_Problem_. Repeat the listing exactly. Do not carry over any pictures.

_Data segment_.
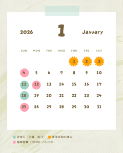 サロンの営業開始は1月4日(日)からとなります。
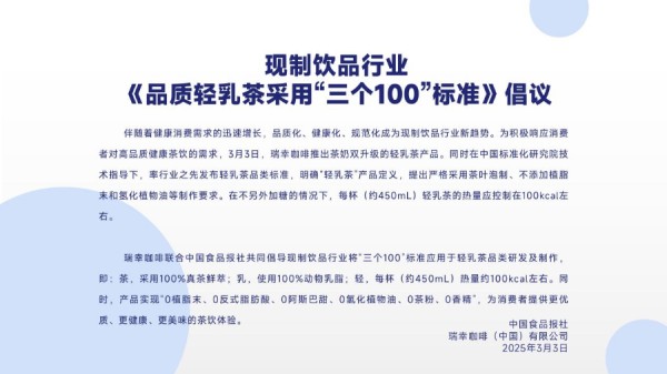 随着健康消费理念深入人心,新式茶饮行业正迈向品质化、规范化发展新阶段。2025年3月3日,瑞幸咖啡在中国标准化研究院技术指导下制订了轻乳茶品类标准,在此基础上,瑞幸咖啡联合中国食品报社发布《品质轻乳茶 采用“三个100”标准》倡议,提出“三个100”轻乳茶标准——“茶:100%真茶鲜萃,乳:100%动物乳脂,轻:每杯(约450mL)热量100kcal左右”,为轻乳茶品类划定清晰边界。
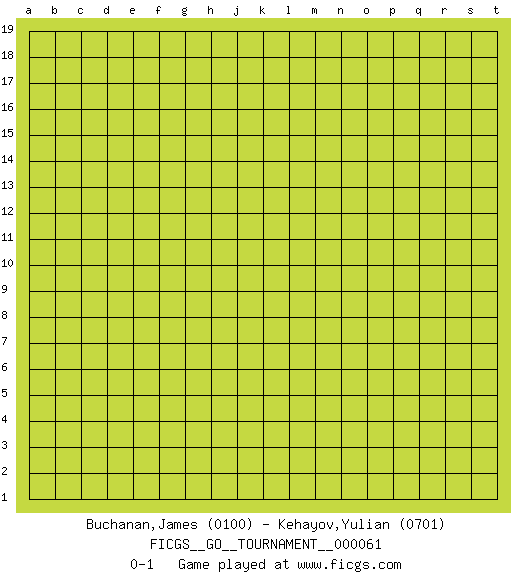 Last move : 0-1 2020 April 16 2:22:10 [Event "FICGS__GO__TOURNAMENT__000061"] [Site "FICGS"] [Date "2020.03.16"] [Round "1"] [Black "Buchanan,James"] [White "Kehayov,Yulian"] [Result "0-1"] [Rating 1 "0100"] [Rating 2 "0701"] 0-1 This go game has been lost on time (started : 2020.03.16 22:28:55) Here are the names of the openings (joseki) played in the four corners : Player White won this Go (weiqi, baduk) game. Follow this game move after move (download)Sacrifice for shape. (Anonymous) The only thing that matters is the evidence. (Horatio Caine, C.S.I. Miami)
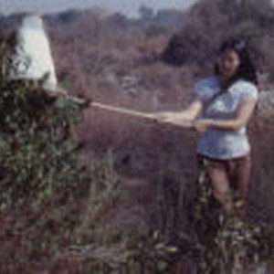 Student netting insects near shrubs.

_Solution for this exercise_.
 サロンの営業開始は1月4日(日)からとなります。
 随着健康消费理念深入人心,新式茶饮行业正迈向品质化、规范化发展新阶段。2025年3月3日,瑞幸咖啡在中国标准化研究院技术指导下制订了轻乳茶品类标准,在此基础上,瑞幸咖啡联合中国食品报社发布《品质轻乳茶 采用“三个100”标准》倡议,提出“三个100”轻乳茶标准——“茶:100%真茶鲜萃,乳:100%动物乳脂,轻:每杯(约450mL)热量100kcal左右”,为轻乳茶品类划定清晰边界。
 Last move : 0-1 2020 April 16 2:22:10 [Event "FICGS__GO__TOURNAMENT__000061"] [Site "FICGS"] [Date "2020.03.16"] [Round "1"] [Black "Buchanan,James"] [White "Kehayov,Yulian"] [Result "0-1"] [Rating 1 "0100"] [Rating 2 "0701"] 0-1 This go game has been lost on time (started : 2020.03.16 22:28:55) Here are the names of the openings (joseki) played in the four corners : Player White won this Go (weiqi, baduk) game. Follow this game move after move (download)Sacrifice for shape. (Anonymous) The only thing that matters is the evidence. (Horatio Caine, C.S.I. Miami)
 Student netting insects near shrubs.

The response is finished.